Beware buffet breakfasts
Although incredibly tempting and delicious, be careful of buffet breakfasts and avoid if necessary. There can be high levels of cross-contamination, especially if the hotel is using the same spoons to serve different dishes.
If you’re eating at a hotel buffet, talk to staff beforehand. They can arrange for you to be the first to serve yourself at breakfast, to lower the risk of cross-contamination. If in doubt, go for sealed yoghurt pots.
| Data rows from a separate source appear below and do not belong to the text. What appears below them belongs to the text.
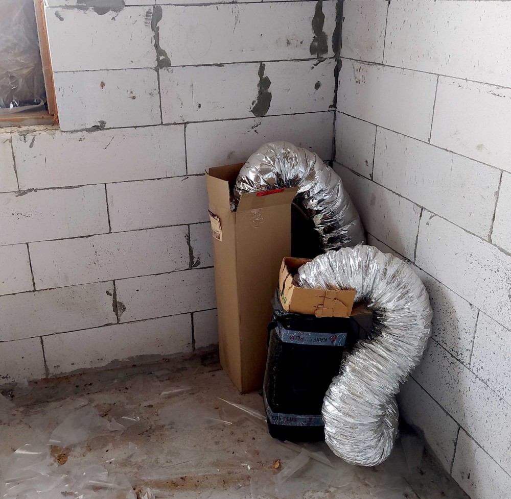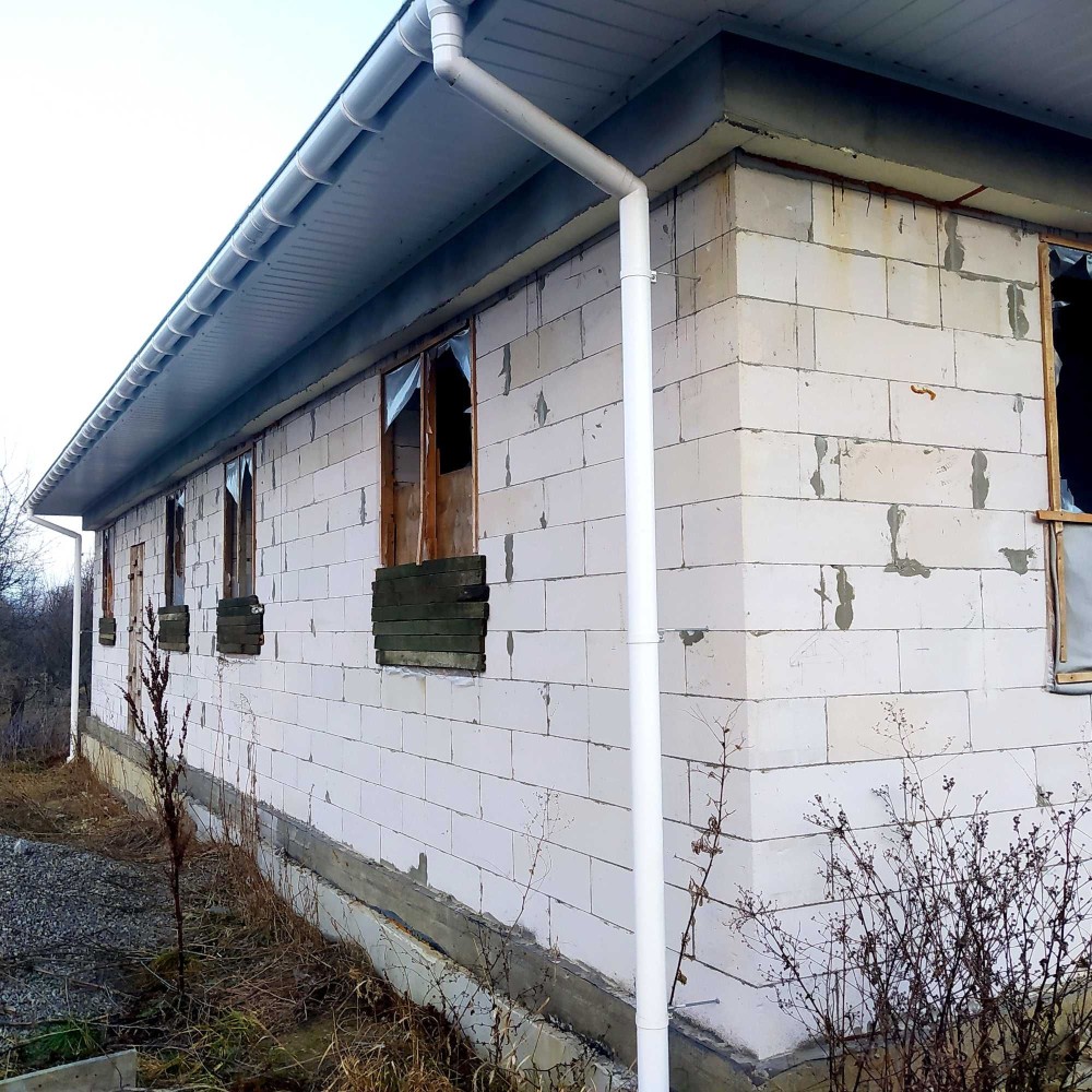 Електрику (8 кВт) заведено до двозонного на три фази електролічильника на ділянці. Затверджено план електрики у будинку. Газ 1 м від межі. Висота підлога - стеля 3м. Закуплено: дошки, плити ОСБ і пароплівка для облаштування горища, дроти для електрики, висувні сходи на горище. Вікно на горищі встановлено. Ділянка 5 соток.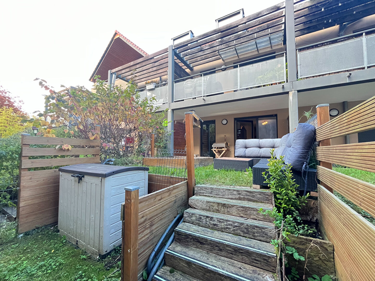 Accessible du salon et de la chambre vous pourrez profiter d'un bel espace extérieur avec une terrasse couverte et un jardin le tout sur 40m²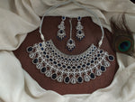 A stunning bridal zircon choker-necklace set crafted with high-quality AD stones, designed to bring a diamond-like brilliance. Perfect for weddings, receptions, or party occasions. Available in multiple vibrant colors –...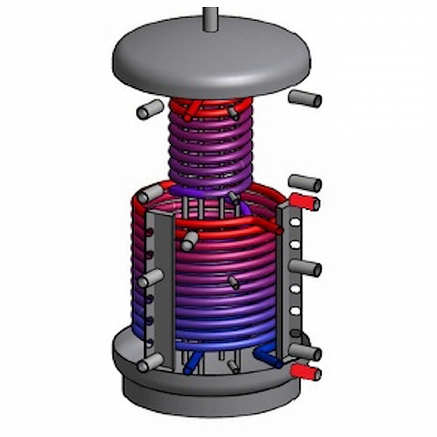 El tanque está fabricado en acero S235JRG2 de alta calidad, conforme a la norma DIN 4753/EN 12897, y el intercambiador de calor de agua potable está fabricado con tubo corrugado de acero inoxidable 1.4404 (fabricado en Alemania). El tanque no tiene tratamiento en el interior y está imprimado en el exterior, con las conexiones del intercambiador de calor de agua potable ubicadas en el lateral.

The same caution goes for evening bar nibbles. Never eat snacks from a bowl because nuts may have been served before those olives were loaded on.
Always carry allergy cards translated into the language of the country you’re visiting, which you can show to restaurant staff before you eat.
There are also loads of allergy apps for your phone if you don’t want to carry a physical card with you. Try Equal Eats, Peanut Allergy and Allergy Translate.
Familiar foods can be deadly
Just because the chocolate bar you eat at home is OK for your allergens, doesn’t mean it’s safe abroad.
Famous brands vary their ingredients and often almond can be substituted for cheaper peanut in other countries, so check the packaging.
The Google translate photo feature on the app allows you to take a photo of the ingredients and it translates it for you.
Check sun creams
Scan sun creams, shampoos and body washes you buy abroad – tree nut oils are common, with extracts such as almond or shea nut butter that can spark reactions.